90 Aghan civilians, 13 US service members killed in Kabul attack claimed by Daesh

90 Aghan civilians, 13 US service members killed in Kabul attack claimed by Daesh

Scores of Afghan civilians and at least 13 members of the US military have been killed and many more injured in Kabul suicide bombing attacks claimed by the Daesh terrorist group.

AhlulBayt News Agency (ABNA): Scores of Afghan civilians and at least 13 members of the US military have been killed and many more injured in Kabul suicide bombing attacks claimed by the Daesh terrorist group.

Two explosions rattled the area outside the airport in the Afghan capital on Thursday amid the precarious security situation following the Taliban’s takeover of the country.

Following the attacks, Daesh's Amaq News Agency said on its Telegram channel that the terror group was behind the explosions.

A suicide bomber from Daesh "managed to reach a large gathering of translators and collaborators with the American army at 'Baran Camp' near Kabul Airport and detonated his explosive belt among them," it said.

The attacks killed 12 US Marines and one Navy medic, US officials confirmed, noting 18 other US service members were injured.

"We can confirm that a number of US service members were killed in today's complex attack at Kabul airport," Pentagon press secretary John Kirby said in a statement. "A number of others are being treated for wounds. We also know that a number of Afghans fell victim to this heinous attack."

A senior Afghan health official also said 90 Afghan civilians were dead and over 100 others wounded.
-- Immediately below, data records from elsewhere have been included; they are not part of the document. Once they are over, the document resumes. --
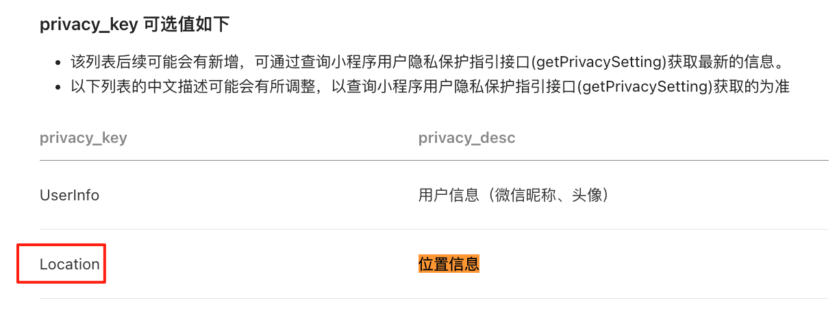第三方代开发小程序,接口配置隐私对应的 privacy_key 是 Location :https://developers.weixin.qq.com/doc/oplatform/openApi/OpenApiDoc/miniprogram-management/privacy-management/setPrivacySetting.html#privacy-key-%E5%8F%AF%E9%80%89%E5%80%BC%E5%A6%82%E4%B8%8B
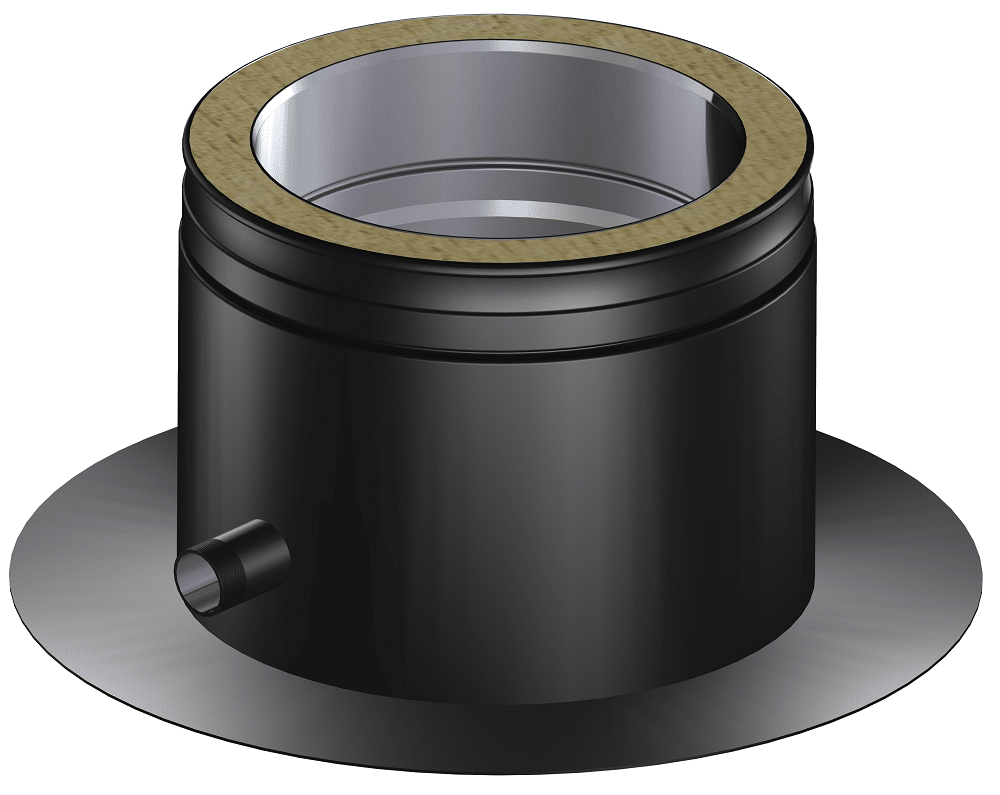 This Dinak DW Design 5″ (130mm) Black Base Plate With Drain is part of the Dinak DW Design System, which is a twin wall flue chimney system manufactured in Europe. Suitable for all types of applications: wood, pellets, gas, gas oil and condensing oil. This Dinak DW Design 5″ (130mm) Black Base Plate With Drain is designed to seal the bottom of the flue while allowing condensed moisture and water to drain away.
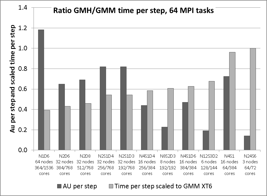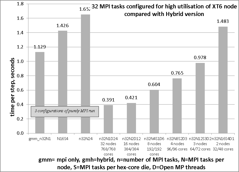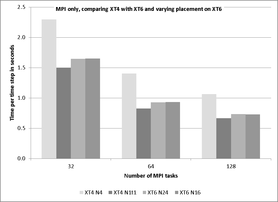 MPI-onlyモードでは、32タスクと64タスクには最適配置が存在します。これはステップ時間に掛かる課金をベースにしたもので、アイドルするコアを残した状態で(それでも課金されます)、実行時間はキャッシュとメモリーパスにより影響されるためです。ヘキサコア・ダイはノードメモリーが32GBであり、コア当たり利用可能なメモリーがXT4hの2GBから1.3GBへ減少しています。

Meanwhile, General Kenneth McKenzie, the leader of US Central Command, said that the United States would retaliate against the perpetrators of the attack.
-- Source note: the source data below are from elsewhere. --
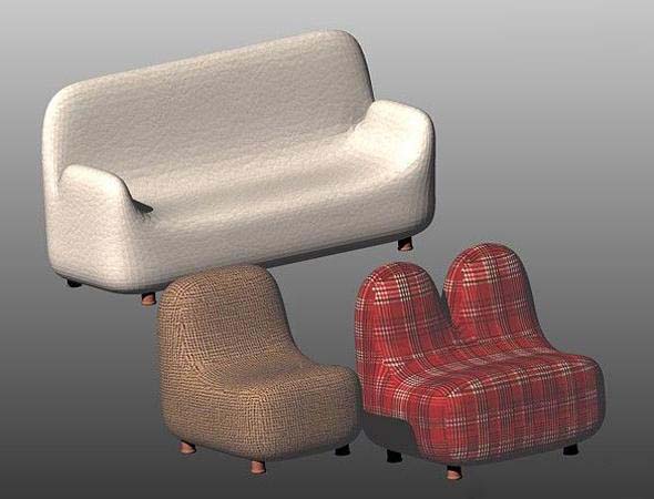 7、最后来看下单人沙发、双人沙发及三人沙发并在一起的渲染图。
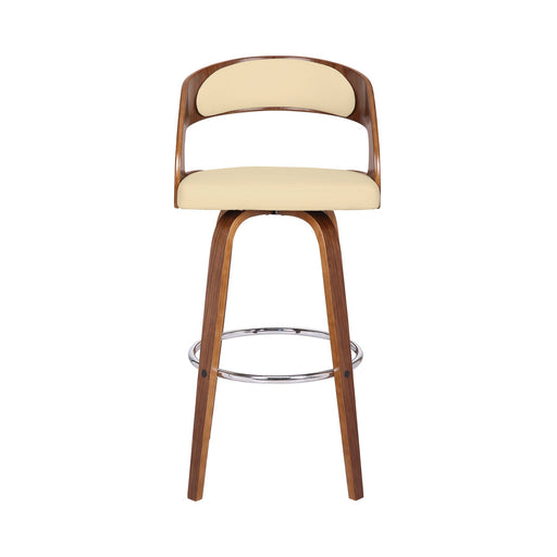 Gather your family and friends and seat them in the Renee 30" Swivel Cream Faux Leather and Walnut Wood Bar Stool from Armen Living. This wonderful...
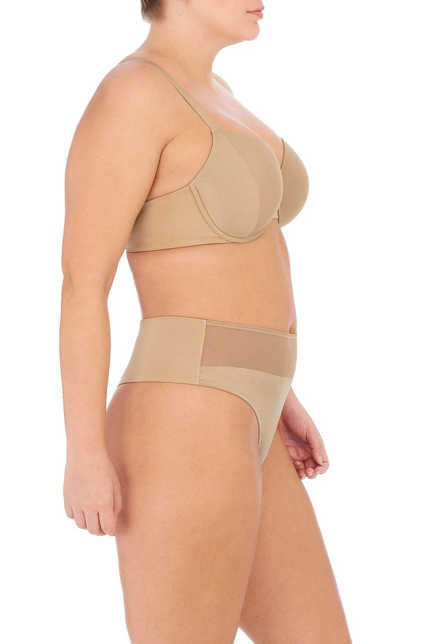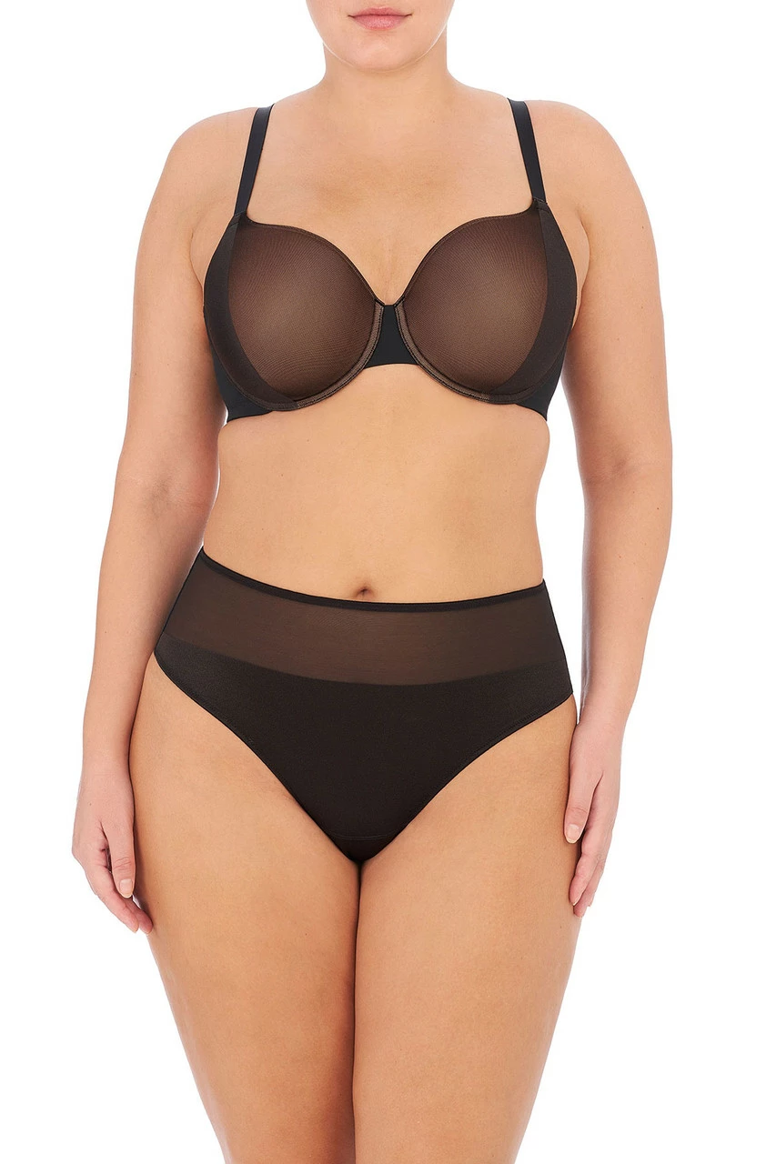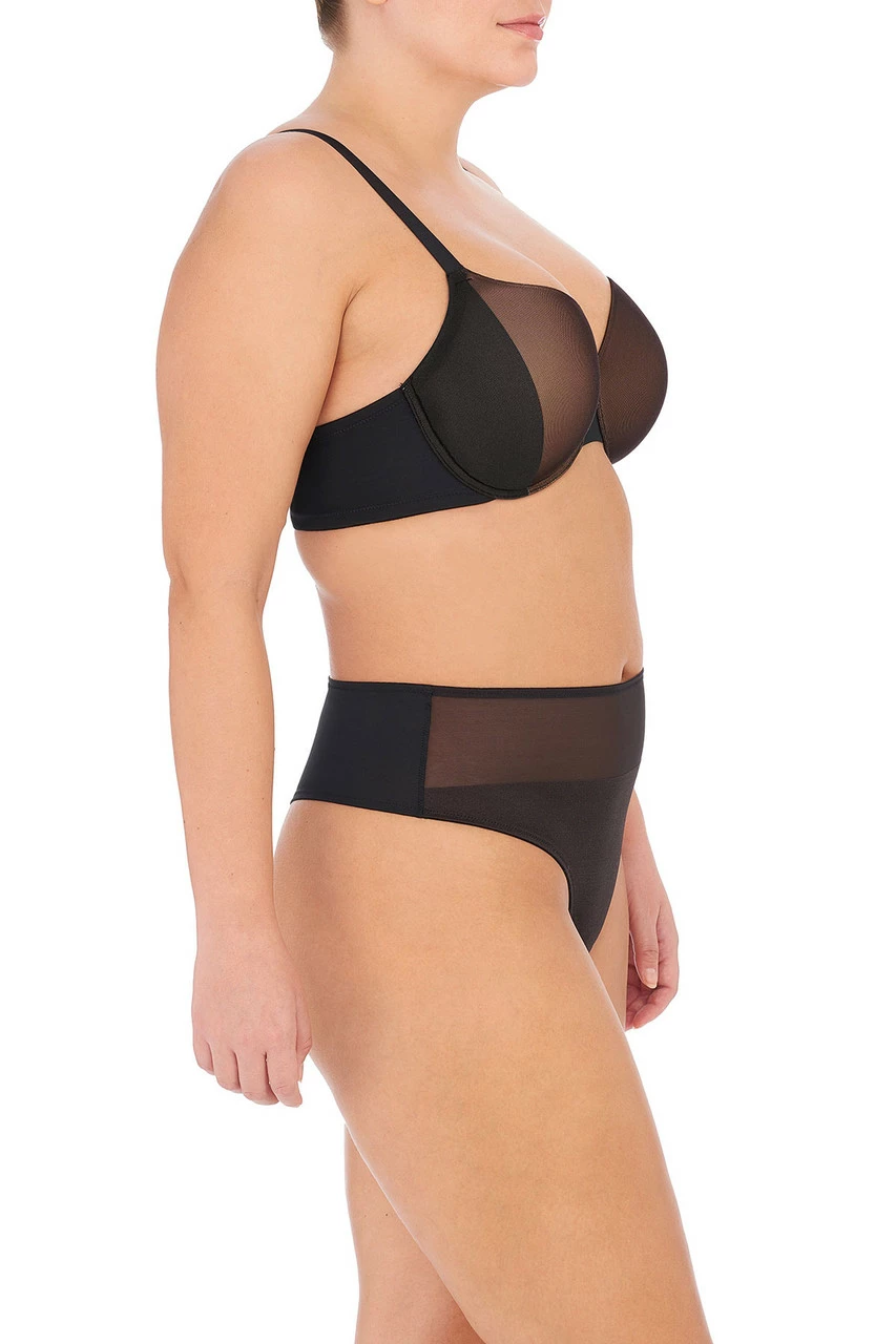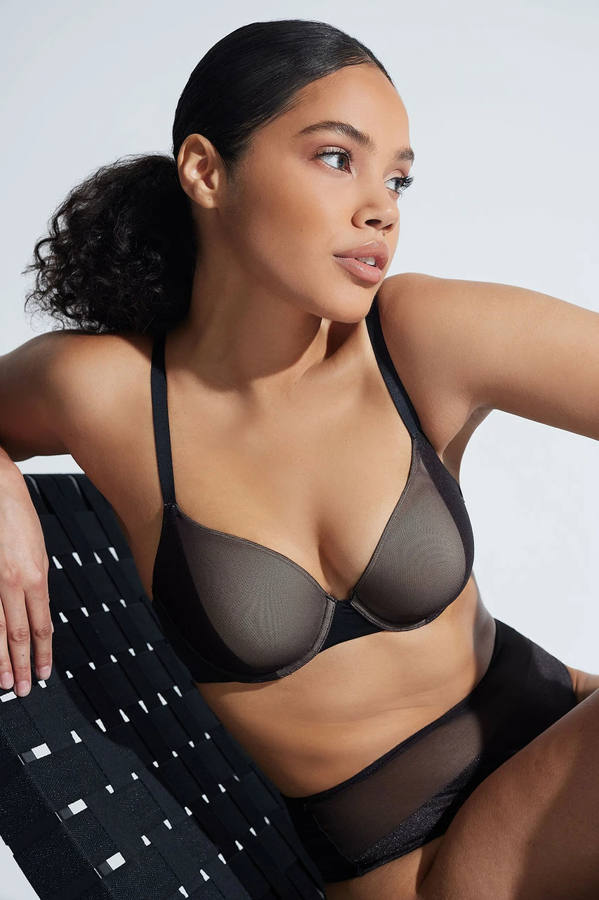 An innovative full coverage T-shirt bra offering strategic support to slim your sides for a flattering fit.

"We believe it is their desire to continue these attacks and we expect those attacks to continue and we're doing everything we can to be prepared for those attacks," McKenzie said, noting, "We will go after them.”

McKenzie also said that immediately after the explosions, gunmen opened fire on service members and civilians.
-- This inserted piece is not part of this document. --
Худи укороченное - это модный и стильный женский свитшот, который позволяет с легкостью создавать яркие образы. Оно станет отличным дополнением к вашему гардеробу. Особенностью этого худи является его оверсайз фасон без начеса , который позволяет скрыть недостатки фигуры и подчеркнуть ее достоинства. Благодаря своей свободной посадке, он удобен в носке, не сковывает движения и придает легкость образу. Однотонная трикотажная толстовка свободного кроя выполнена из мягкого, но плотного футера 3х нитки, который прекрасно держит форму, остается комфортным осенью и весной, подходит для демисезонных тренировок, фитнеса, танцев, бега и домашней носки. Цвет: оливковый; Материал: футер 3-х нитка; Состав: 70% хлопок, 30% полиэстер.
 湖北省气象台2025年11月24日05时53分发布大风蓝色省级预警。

Kirby said earlier that one of the explosions happened "at the airport's Abbey Gate" and "at least one other explosion happened at or near the Baron Hotel, a short distance from Abbey Gate."

The sound of a huge third explosion heard in the capital was confirmed by a Taliban spokesman to be due to the US military destroying ammunitions in the city, according to Al Jazeera.

No other details were immediately available at the time of this reporting.

Meanwhile, United Nations Secretary-General Antonio Guterres called a meeting of the permanent members of the Security Council on the situation in Afghanistan, AFP quoted diplomats as saying.

The diplomats said Guterres had sent letters formally inviting the US, Britain, France, Russia and China to meet on Monday.

Earlier, UN spokesperson Stéphane Dujarric said no UN personnel were believed to have been among the causalities, although some staff were reported to be around the airport compound at the time of the explosions.

“This incident underscores the volatility of the situation on the ground in Afghanistan but also strengthens our resolve as we continue to deliver urgent assistance across the country in support of the Afghan people”, Dujarric added.

The attacks come as thousands of people had gathered outside the airport in recent days as the US and other Western countries have been trying to complete a massive evacuation of their citizens and Afghan allies following the Taliban takeover of the country.

More than 80,000 people, foreigners and Afghans, have been evacuated since August 14, the day before the Taliban laid siege to Kabul.

However, the numbers of people evacuated have already started dwindling down. From 3 am ET Wednesday to 3 am ET Thursday, 13,400 people were evacuated from Afghanistan, with nearly 5,100 via US military flights and 8,300 via coalition flights.

Over the 24-hour period from Monday to Tuesday, 21,000 were evacuated and 19,000 between Tuesday and Wednesday.

McKenzie said the evacuation mission was not going to stop as a result of the attacks.

"I think we can continue to conduct our mission, even while we are receiving attacks like this," he said.

Also, there was not immediate indication that US President Joe Biden, who has been briefed on the attacks, plans to change the Aug. 31 withdrawal target, a source familiar with the situation told Reuters.